Commanders and leaders
- President Ali Bongo Ondimba: Lt. Kelly Ondo Obiang

Strength
- Armed Forces of Gabon National Gendarmerie of Gabon;: Armed Forces of Gabon faction Republican Guard;

Casualties and losses

= 2019 Gabonese coup attempt =

Failed military coup against President Bongo

On 7 January 2019, members of the Armed Forces of Gabon announced a coup d'état in Gabon. Military officers claimed that they had ousted President Ali Bongo, who was re-elected in 2016 after a controversial election and protests. During the absence of Ali Bongo, who was receiving medical treatment in Morocco, armed rebels in the capital city Libreville took hostages and declared that they had established a "National Restoration Council" to "restore democracy in Gabon". Widespread internet outages occurred throughout the country, though it is unknown whether the internet was shut down by the rebels themselves or by civilians. Gabon's government later declared that it had reasserted control.

==Developments==
The military spokesman and leader of Patriotic Movement of the Defence and Security Forces of Gabon, Lieutenant Kelly Ondo Obiang, stated on national radio and state television on early Monday morning that he and his supporters were disappointed by President Ali Bongo’s message to the nation on New Year's Eve, calling it a "relentless attempt to cling onto power" and saying it "reinforced doubts about the president's ability to continue to carry out of the responsibilities of his office".
Obiang also claimed they were setting up a "National Restoration Council...[for] restoring democracy" in Gabon. A nationwide internet disruption was detected by global internet observatory NetBlocks starting at approximately 7:00 am UTC. Among other things, Obiang delivered the following message on national radio:

"The eagerly awaited day has arrived when the army has decided to put itself on the side of the people in order to save Gabon from chaos... If you are eating, stop; if you are having a drink, stop; if you are sleeping, wake up. Wake up your neighbours ... rise up as one and take control of the street."

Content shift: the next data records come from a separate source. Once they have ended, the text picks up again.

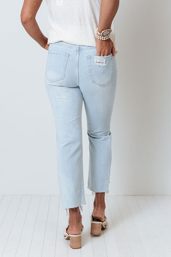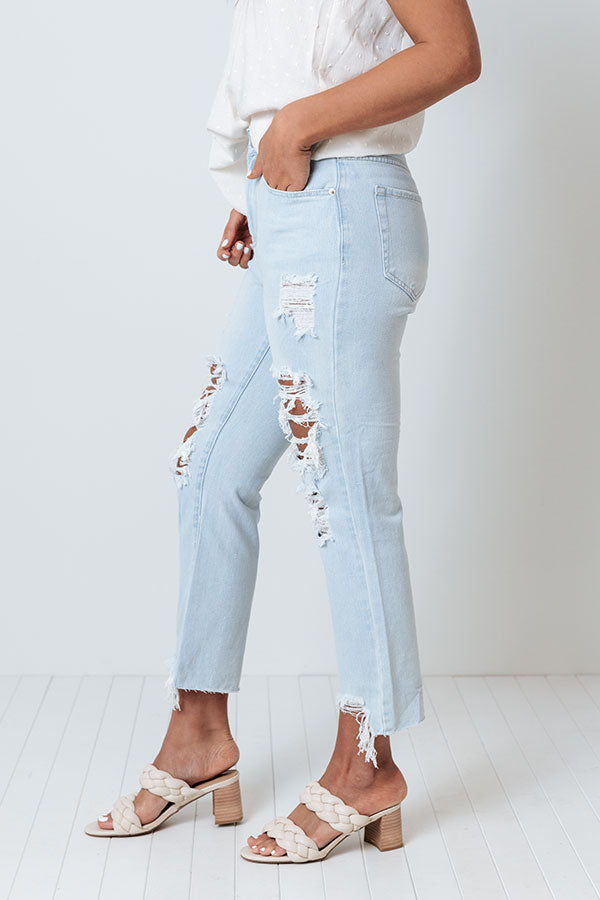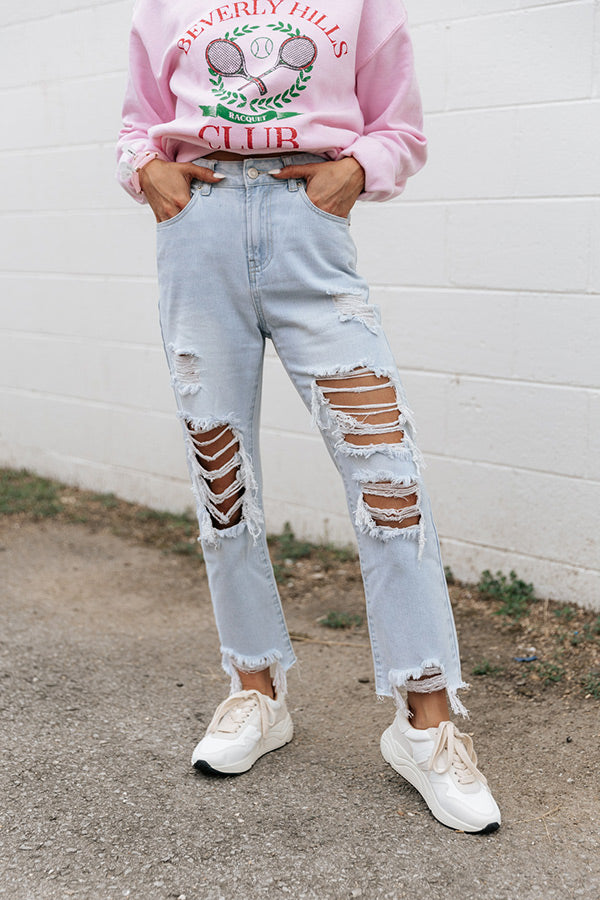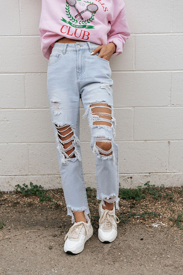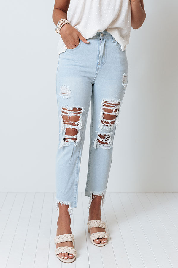 The trendiest summer denim just dropped! Our timeless 'Terrain' relaxed jean features lightweight light wash denim material with subtle accent fading and distressed detailing, a high waistline with belt loops, a classic five pocket cut, a hidden zip fly with a button closure, and a flattering silhouette that falls into ultra frayed hemlines!
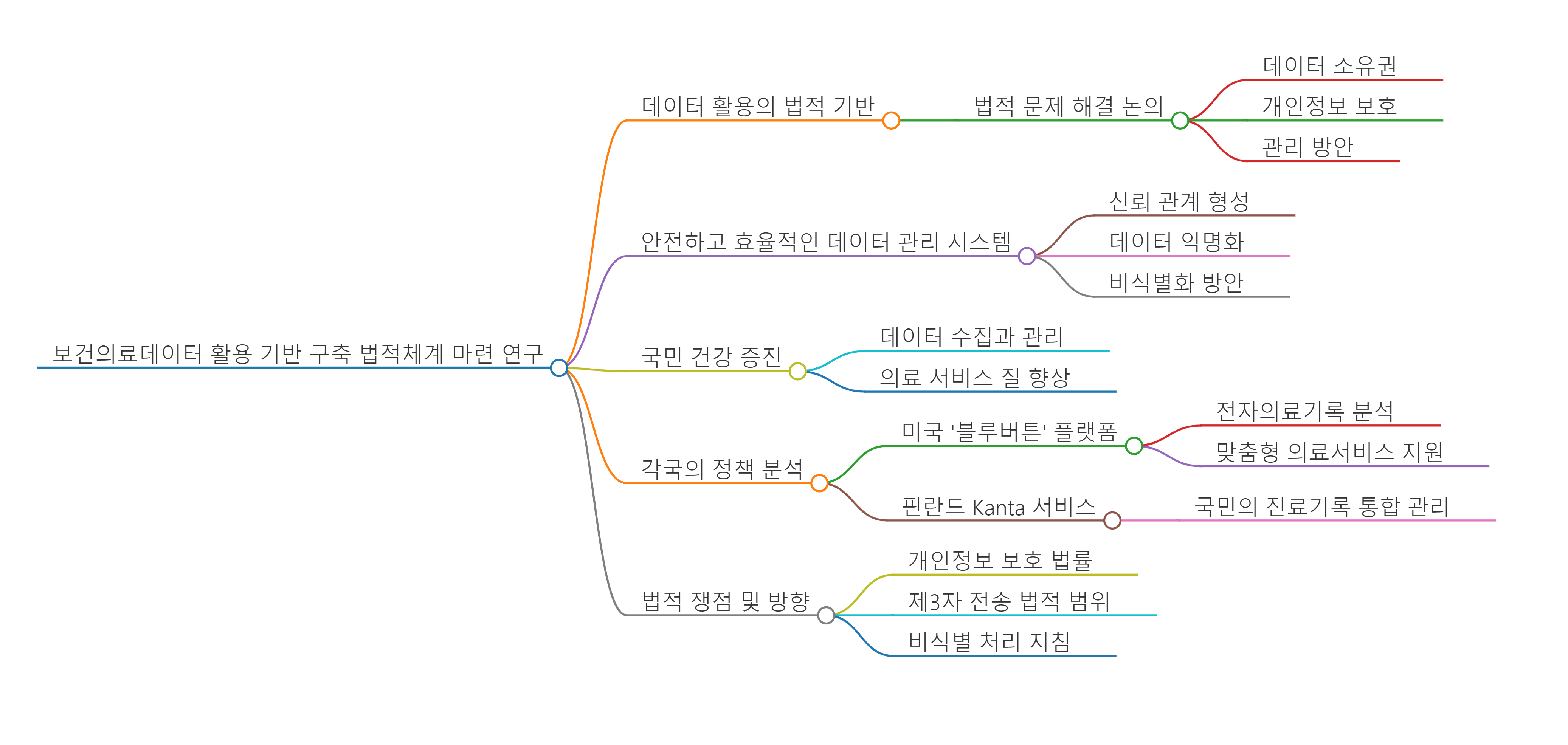 - 데이터 활용의 법적 기반: 보건의료 데이터의 활용 시 예상되는 법적 문제를 해결하기 위한 논의로, 데이터의 소유권, 개인 정보 보호 및 관리 방안 등이 포함됩니다.
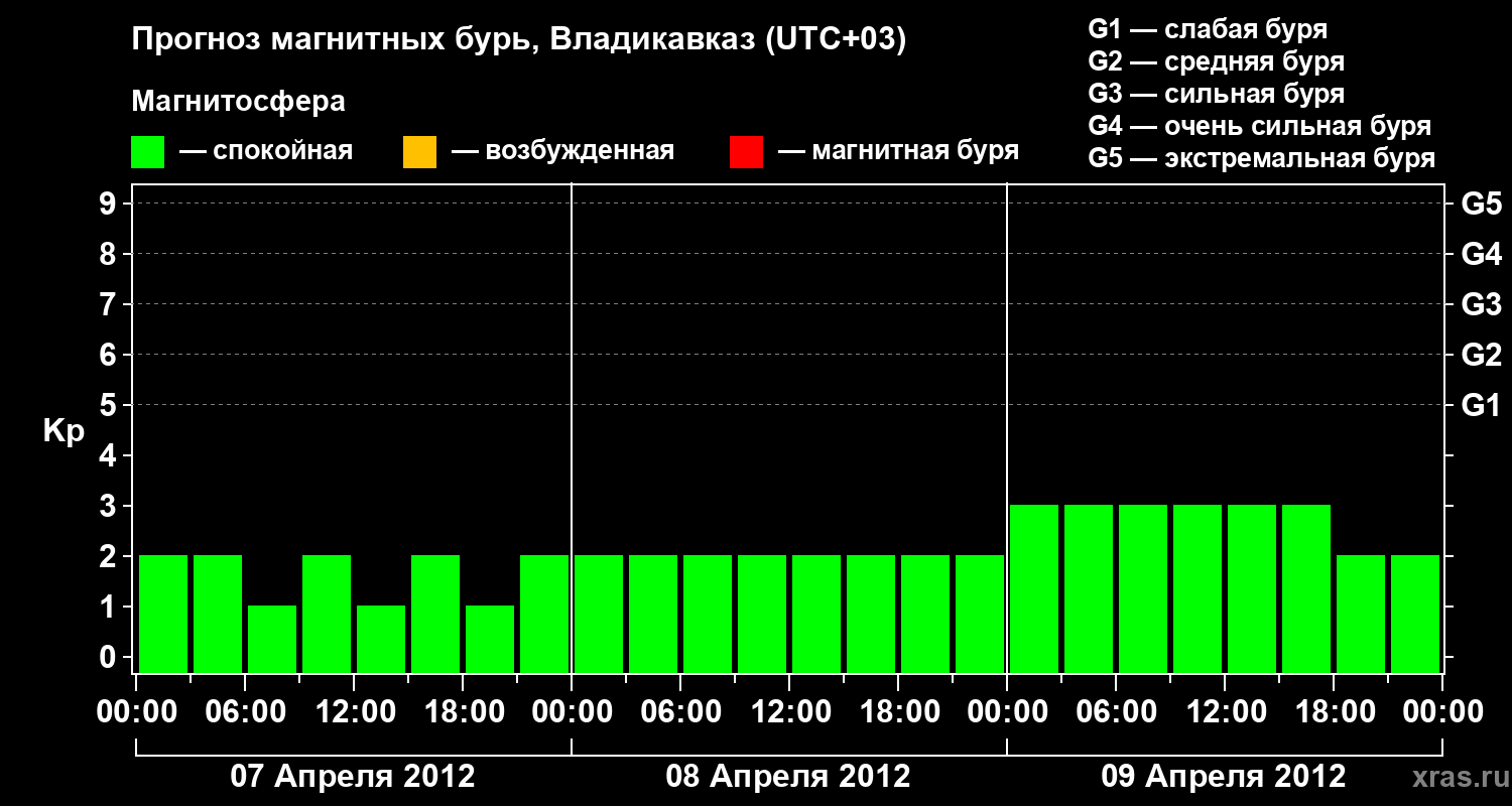 Прогноз магнитных бурь во Владикавказе — 7 апреля 2012 года
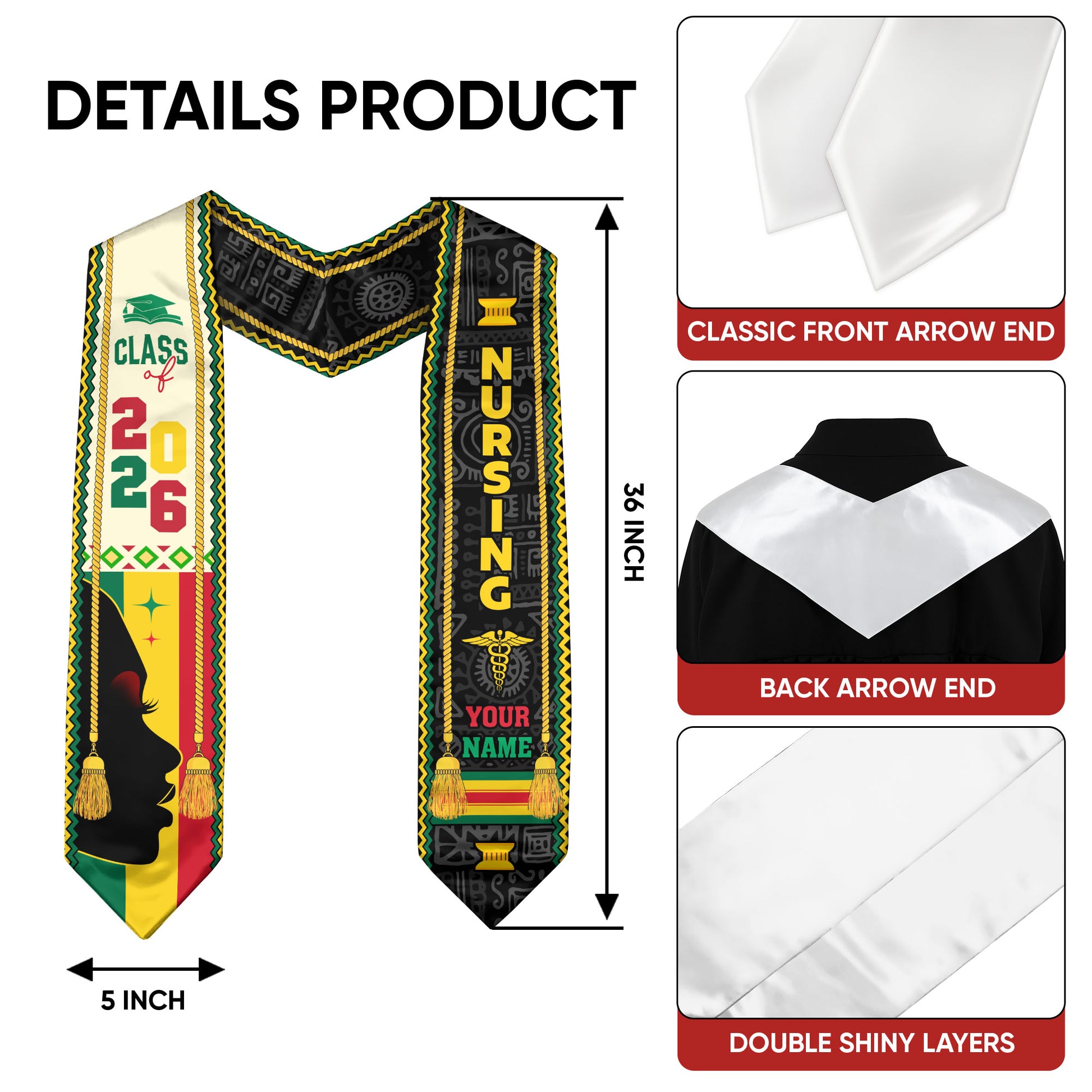 Customized African RN Graduation Stole, Nursing Ceremony Sash for Class of 2026

At the time of the coup, on 7 January 2019, President Bongo was receiving unrelated medical treatment in Morocco; he had been out of the country for about two months. President Bongo had suffered a stroke while in Riyadh, Saudi Arabia, in October; his recorded New Year's wishes were the first time he had spoken in public since then.

The pro-coup forces seized control of the national broadcaster Radio Télévision Gabonaise. Gabon's Republican Guard deployed various armoured vehicles throughout the capital, including Nexter Aravis MRAPs, a type not previously known to have been in the Gabonese military's inventory. The coup attempt was put down by 10:30 am after the Gabon's Gendarmerie Intervention Group assaulted the Radio Télévision Gabonaise in which the pro-coup forces were holed up. Two pro-coup soldiers were killed in the assault. Officers involved in the coup took hostages which have since been released by Gabonese officials. Hours after the coup announcement, government officials stated that the situation was "under control" with rebels arrested or on the run; two of the rebels were shot dead and Lieutenant Obiang was reported under arrest. NetBlocks observed that internet connectivity was briefly (though partially) restored across Gabon by 10:00 am UTC before falling back offline, and only returning fully 11:00 am the next day. Security Minister Guy-Bertrand Mapangou stated that the eight arrested people were handed over to the public prosecutor. The government of Gabon announced that President Bongo would be returning to the country "very soon".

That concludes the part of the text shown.